Sliding Window Search
To start, I am limiting my search to the right half of the frame, compensating for the lack of data about the road to focus attention properly (my lane finding code was eventually merged with this vehicle detection, but they do not communicate yet). This covers detections in my video and allowed for faster iterations.
I perform a simple sliding window search to extract cropped images for classification. For efficiency, the window locations are computed once on the first frame and then reused (lines 184-199 in vehicleDetect.py
). I use different sizes of windows at different locations in the image. Per frame, the saved windows are used to extract cropped images via vehicleDetectUtil.get_window_imgs()
(line 200 in vehicleDetect.py
) and then sent to the classifier all at once.
The SVM method uses 457 windows (overlap: 0.8), while the CNN detection only uses 76 (overlap: 0.7).

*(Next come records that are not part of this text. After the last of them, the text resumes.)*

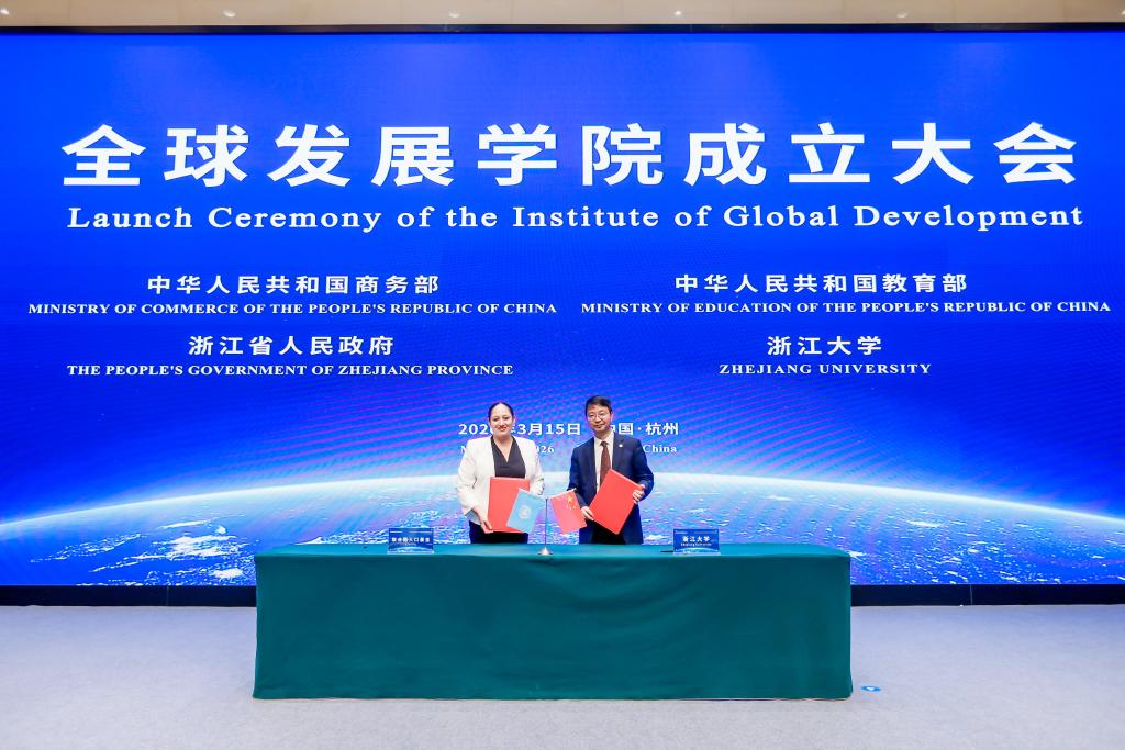 在当天举行的全球发展学院成立大会暨全球发展研讨会上,浙江大学与联合国人口基金签署谅解备忘录,双方将围绕人口与发展等重点议题开展联合研究,共建全球协作平台。
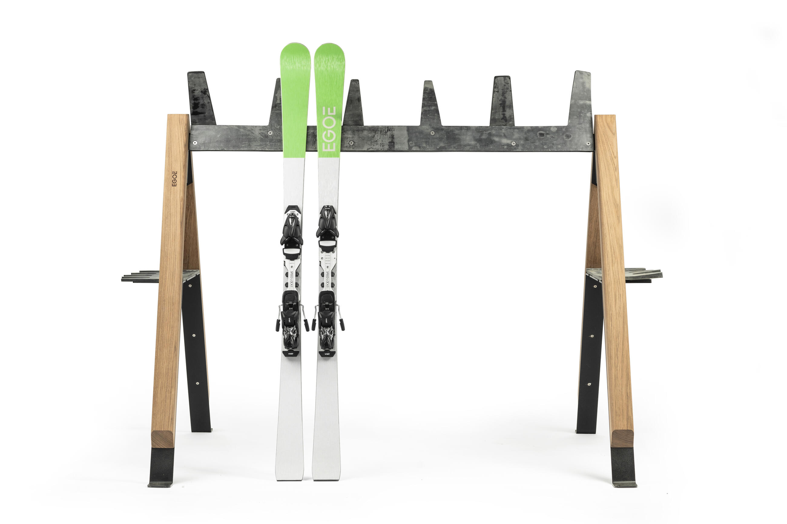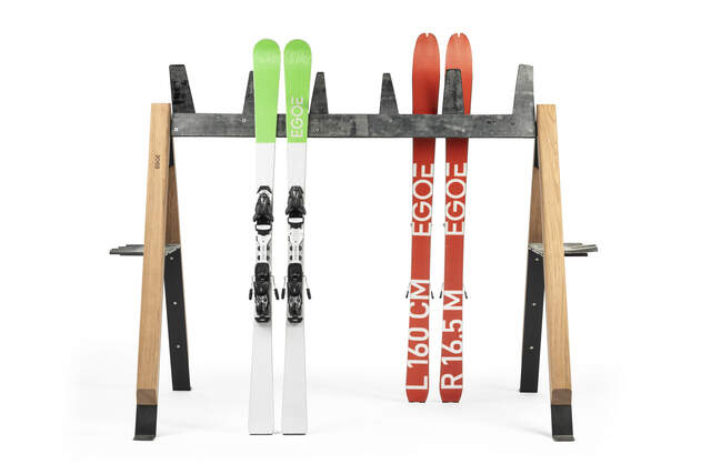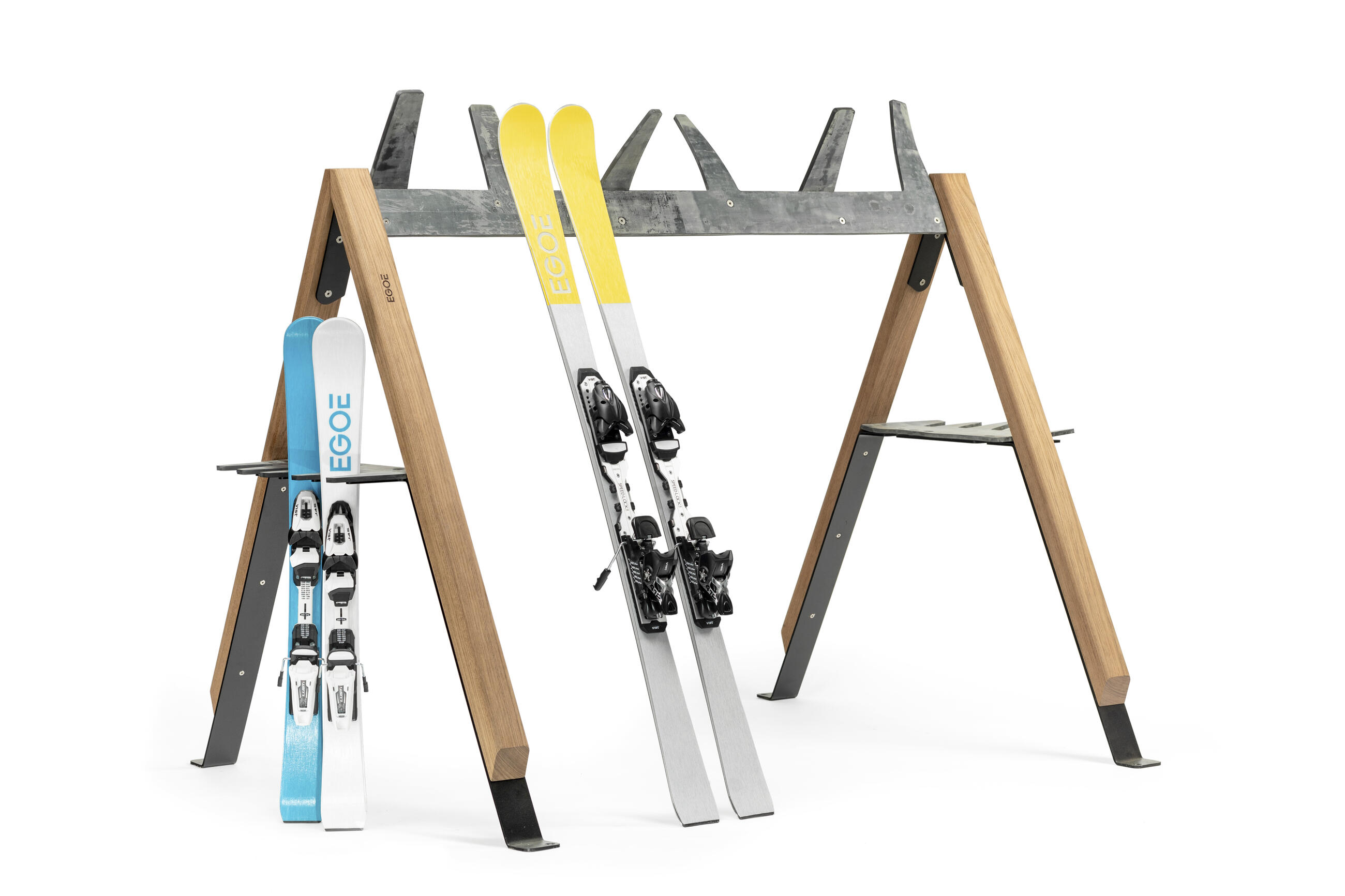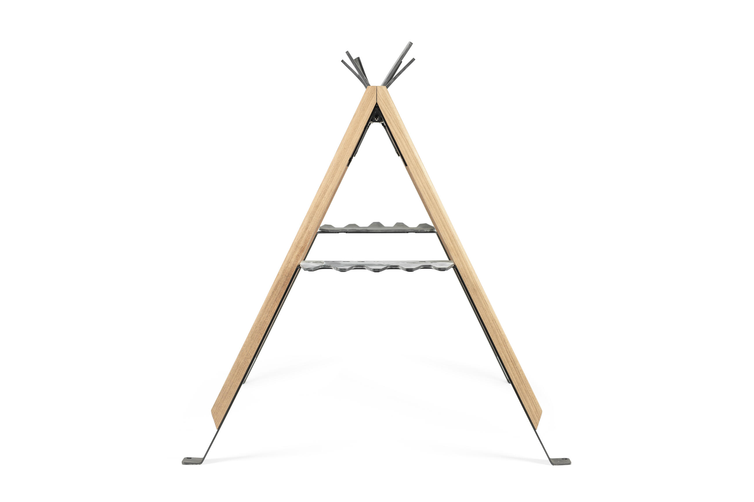 Gummi-Kamm, Stahlkonstruktion, Beine aus massivem Tropenholz
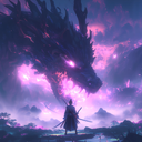 Fantasy Samurai vs Purple Fire Dragon Live Wallpaper
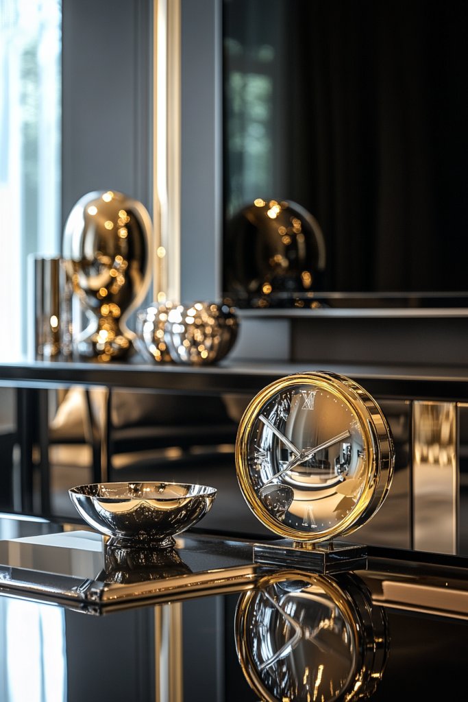 Perfect for elevating your decor with minimal effort. Picture a surface decorated with smooth ceramics, glossy metallic accents, and soft textiles like woven throws or plush cushions.

Sliding windows (CNN). Larger window sizes closer to the bottom and 0.7 overlap. 76 total.
Heat Map
For each frame, every bounding box that is detected as part of a vehicle by two or more bounding boxes adds "heat" to a map. The result is smoothed over eight frames, further thresholded and then fed into scipy's label function to get a single bounding box for each distinct "island" in the heat map (lines 206-221 in vehicleDetect.py
).
False Positive Suppression
I am doing two things to prevent false positives:
- As discussed above, the heat map is thresholded twice
- Additionally, I am ignoring bounding boxes with unreasonable aspect ratios that come out of the label function (lines 225-230 in
vehicleDetect.py
)
Bounding Box Smoothing
I implemented a Car class that keeps track of positions over time (lines 51-87 in vehicleDetect.py
). Bounding box coordinates are smoothed over six frames. Additionally, I reuse the previous location if the classifier does not detect the car for up to two frames.

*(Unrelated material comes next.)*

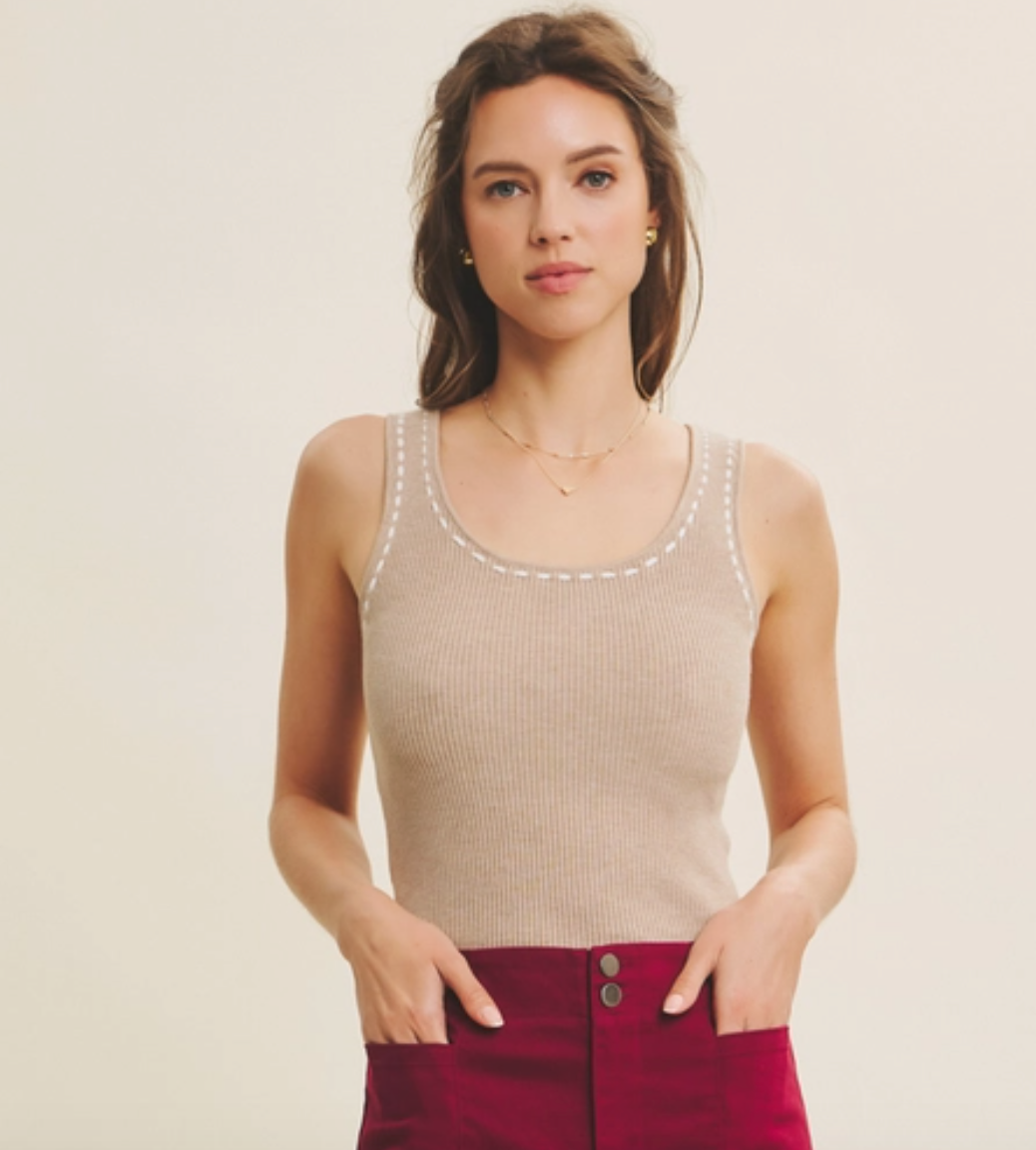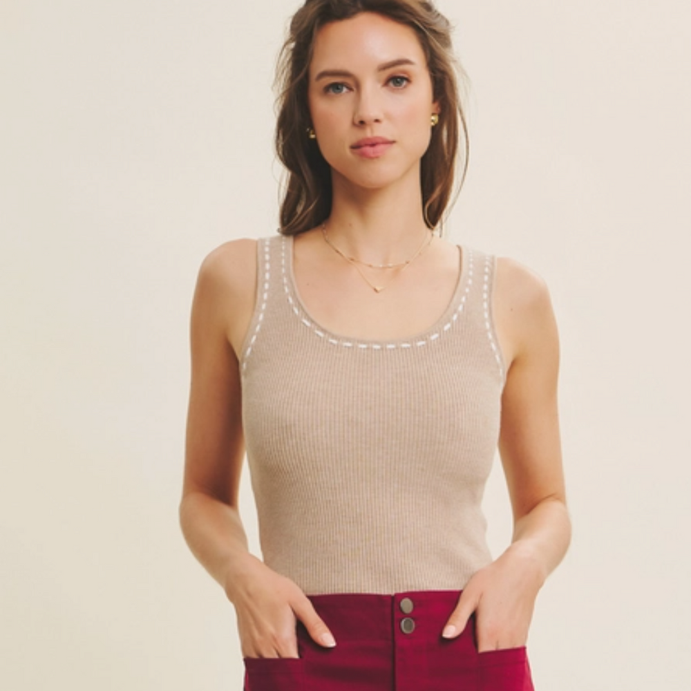 Ribbed Round Neck Sleeveless Top
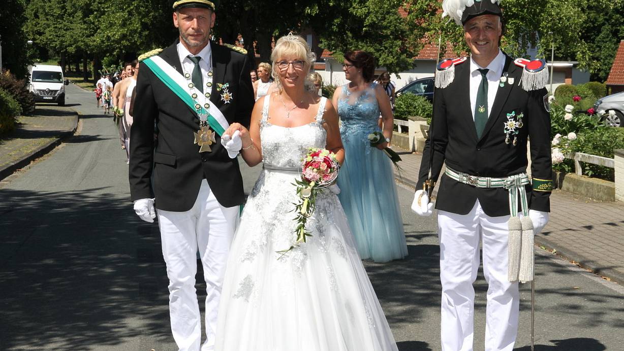 Begleitet wurde das Königspaar von 20 Hofdamen, allesamt Freunde, Bekannte, Verwandte und Kollegen des Königspaares. „Wir hatten ein wunderbares Jahr und wir danken besonders unseren Adjutanten-Paar und Berthold und Kristin Schlüter für die wunderbare Unterstützung“, sagte das Königspaar einstimmig. Bei ihrem Festzug durch Siddinghausen, an dem auch Bürgermeister Burkhard Schwuchow teilnahm, machte der Zug auch einen Stop am Kirchweg, um hier das Jubelkönigspaar Franz-Josef und Martina Hardes, die vor 25 Jahren die Schützen in Siddinghausen regierten, abzuholen.

Example frame with labeled image (top left), heat map (top right) and unfiltered sliding-windows detection (bottom right)
Video Results
Discussion
- Setting up a neural network and training it from scratch for this turned out to be a very straight-forward process that yielded great results fairly quickly.
- The SVM method should be able to run a lot faster. In order to speed it up, I started scaling the image instead of scaling the individual crops - also to set up extracting HOG features from only a single image. In hindsight, this turned out fairly messy and slowed down my iteration time of tweaking the sliding window boundaries due to the unintuitive scaled image sizes. It started to be too time-consuming and I left it where it is right now in order to focus on the deep learning solution.

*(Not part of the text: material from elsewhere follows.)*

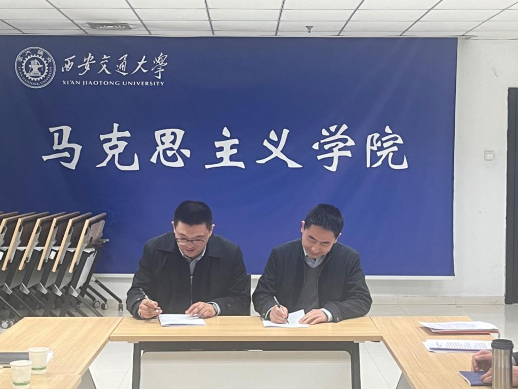 为全面贯彻习近平总书记关于思政课建设的重要论述,落实中共中央办公厅印发的《关于加强新时代马克思主义学院建设的意见》要求,发挥全国和省级重点马克思主义学院示范带动作用,根据《陕西省高校重点马克思主义学院对口帮扶普通马克思主义学院机制》(陕教工宣办〔2021〕15 号)文件精神。3月1日下午,william马克思主义学院张海涛院长一行走访西安交通大学马克思主义学院,举行西安交通大学马克思主义学院对口帮扶william马克思主义学院签约仪式,西安交通大学马克思主义学院院长燕连福和我院院长张海涛代表双方签约。签约仪式之前,双方举行了座谈会。
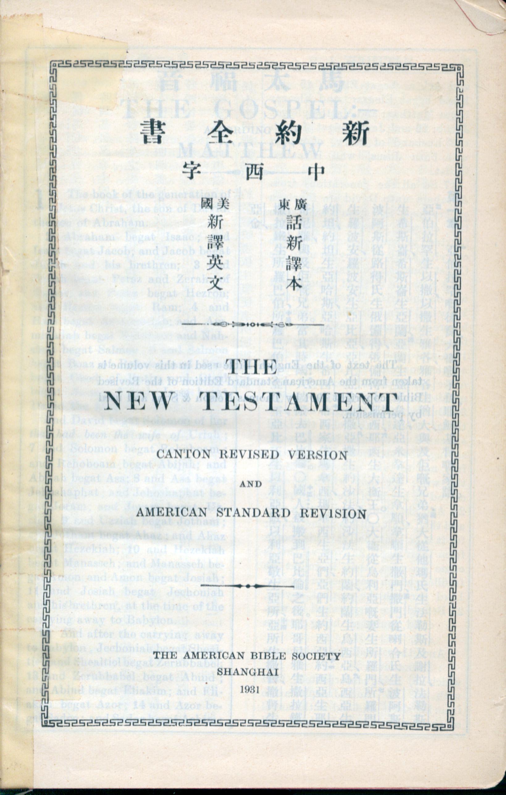 1931年新約全書廣東話新譯本與美國新譯英文 封面 0 章 4 節到 0 章 4 節

- Keeping track of individual cars in screen space was impractical to do with just scipy's label method. It does not consistently apply the same label to similar islands in the heat map, so I had to put additional checks in my car class to reset it in case labels flip. A custom label function that gets to draw on more information about the existing car instances and can make reasonable assumptions about how traffic moves should perform well here.
- Neither method fits a tight bounding box around the cars at all times. In order to increase accuracy and speed, I would look into making it a two-step process: A quick initial detection of candidate areas, followed by a very localized sliding-window search. Previously detected cars could be re-used on each frame for additional speedup.
- A search on the entire image using a large neural net would be very interesting to look into more. I tried a pre-trained YOLO-tiny with some success, and it runs very fast (20fps+). It was very sensitive to aspect ratio changes, so it required square inputs and could not be fed the entire image at once. It also failed to detect cars once they did not take up a fairly large part of the frame - meaning it would have required it's own sliding windows extraction. That, in turn, required sending many more images per frame to the classifier. I expected it to perform about as fast as my existing neural net, but I did not have time to test that hypothesis.